Juan Manuel Bellver

Los años locos de Hérouville

Sexo, drogas y rock’n’roll en un castillo rodeado de jardines a 40 kilómetros de París. ¿Qué músico de los 70 no habría querido producir sus discos en un estudio de grabación campestre, con habitaciones palaciegas y un chef de primera? Elton John, David Bowie, Iggy Pop o Pink Floyd fueron algunos de los ilustres residentes del Château d’Hérouville

Opinión

Los años locos de Hérouville
Foto: | Wikipedia

Sexo, drogas y rock’n’roll en un castillo rodeado de jardines a 40 kilómetros de París. ¿Qué músico de los 70 no habría querido producir sus discos en un estudio de grabación campestre, con habitaciones palaciegas y un chef de primera? Elton John, David Bowie, Iggy Pop o Pink Floyd fueron algunos de los ilustres residentes del Château d’Hérouville, que hoy revive su años más locos gracias a la publicación en Francia de la novela gráfica Les Amants d’Hérouville (Éditions Delcourt), con guión de Yann Le Quellec y dibujos de Romain Ronzeau.
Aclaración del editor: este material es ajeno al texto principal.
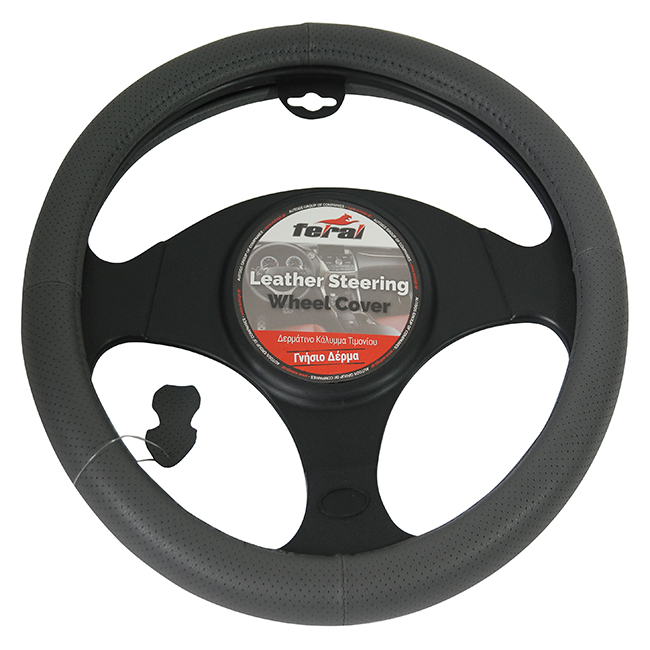 Κάλυμμα Τιμονιού Αυτοκινήτου Δερμάτινο Τρυπητό Γκρι Medium 38cm 1 Τεμάχιο

Como su título indica, dicho cómic –que aún no ha sido traducido al español– toma como hilo argumental los amores del compositor de vanguardia Michel Magne y su segunda esposa, Marie-Claude Calvet, para ofrecernos una estampa de la escena musical de aquella época, su locura y excesos, con Hérouville en el centro del meollo.

La historia empieza en junio ​​de 1970 con una escena casi cinematográfica. Marie-Claude, 16 años, hace autostop en un camino rural. Un Porsche blanco se para frente a ella. «¿A donde vas?», pregunta el conductor. «A Katmandú», responde la chica. En ese momento, aún no sabe que acaba de conocer al hombre de su vida: un personaje extraordinario con el que compartirá experiencias fascinantes, pero también momentos muy duros.

Ese hombre, siempre vestido de negro y 23 años mayor que ella, es Michel Magne: un prolífico compositor que acaba de perder en un incendio todas las grabaciones originales de sus obras, incluidos numerosas bandas sonoras, conciertos para piano, suites orquestales… Todo, destruido para siempre por culpa de un incendio fortuito en un ala de su castillo.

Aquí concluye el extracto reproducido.